The Guardian • Issue #1953

International Working Women’s Day successfully commemorated by communists in Sydney

At 1:00 PM on Sunday the 7th of March over fifty members and supporters of the Communist Party of Australia gathered at the Greek Orthodox Community Club in Lakemba to commemorate International Working Women’s Day (IWWD). A banner with the slogan “Put Women’s needs first! Choose real change!” formed the backdrop to the occasion which was marked by speeches, songs, and lunch. This event was organised by the Inner-West branch and endorsed by the Sydney District Committee of the Communist Party of Australia.

IWWD was first initiated in 1910 by notable revolutionaries including Clara Zetkin and Rosa Luxembourg. It later rose to great prominence during the February Revolution that led to the collapse of the Russian empire and opened the way towards the socialist revolution that led to the establishment of the first socialist country, the Soviet Union. IWWD was celebrated throughout the socialist countries as a public holiday and is celebrated by the International Communist Movement. In 1975 the United Nations declared the year the “International Year of the Woman.” This contributed to IWWD being recognised and adopted by the capitalist west, although dropping “Working” from the day name as a sign of its bourgeois co-option.
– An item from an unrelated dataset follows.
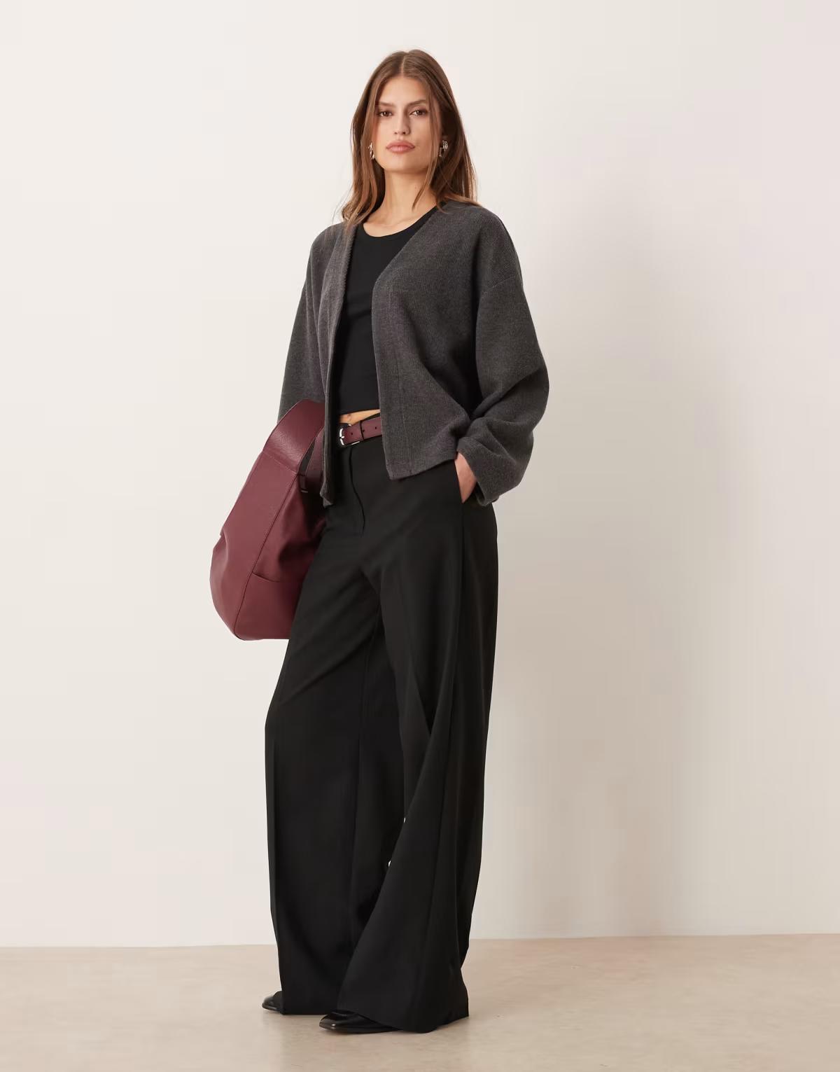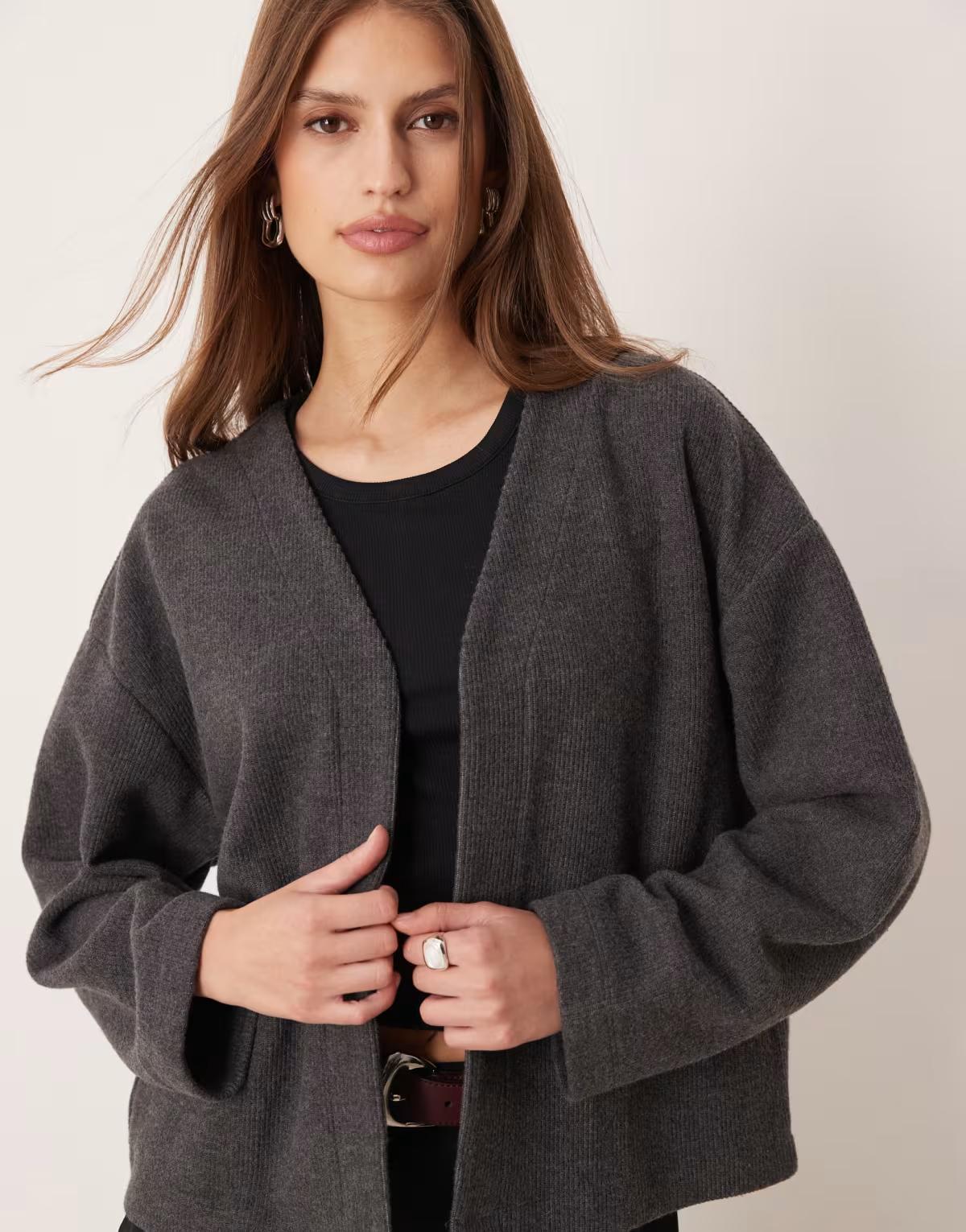 ASOS DESIGN super soft edge to edge cardigan co ord in charcoal

It was noted that many of the demands put forward and struggled for in 1975 for winning gender equality are still the demands of the movement today.

Comrade Dorothy addressed the assembled guests in a speech that analysed the exploitation and oppression experienced by women today. This oppression arises from capitalist property and social relations, and the ultimate solution can only be found in winning a socialist society. The insidious effects of the bourgeois agenda were exposed in how women’s issues are discussed in the “mainstream” media, where “Public debates concerning women’s rights and needs assume we have reached an ideal society where questions of rights and needs are not effected by class interests.”

However, women’s issues are truly the issues of the working class. In Australia today the overwhelming majority of women are not preoccupied with getting a place on the board of BHP or Fairfax media, they are much more likely to be hoping that their casual or insecure work will still be there next week, next month or next year. Representation on corporate boards can hardly truly matter when women that win these tokens of gender parity “have been co-opted to serve the class interests of big capital”. These capitalist interests invariably deny women their basic needs, continually degrade advances previously made and siphon profits out of education and healthcare services which has ruinous consequences on the lives and families of working people. This trend is exemplified with the widening social and gender inequality intensified by the COVID-19 pandemic. “Free childcare, quality free education from pre-school to university and a health system that does not ask if you are privately insured before it decides how to help you”, housing, job security and equal pay for equal work are measures that would have a far greater liberatory impact on the lives of women then token measures of elite representation.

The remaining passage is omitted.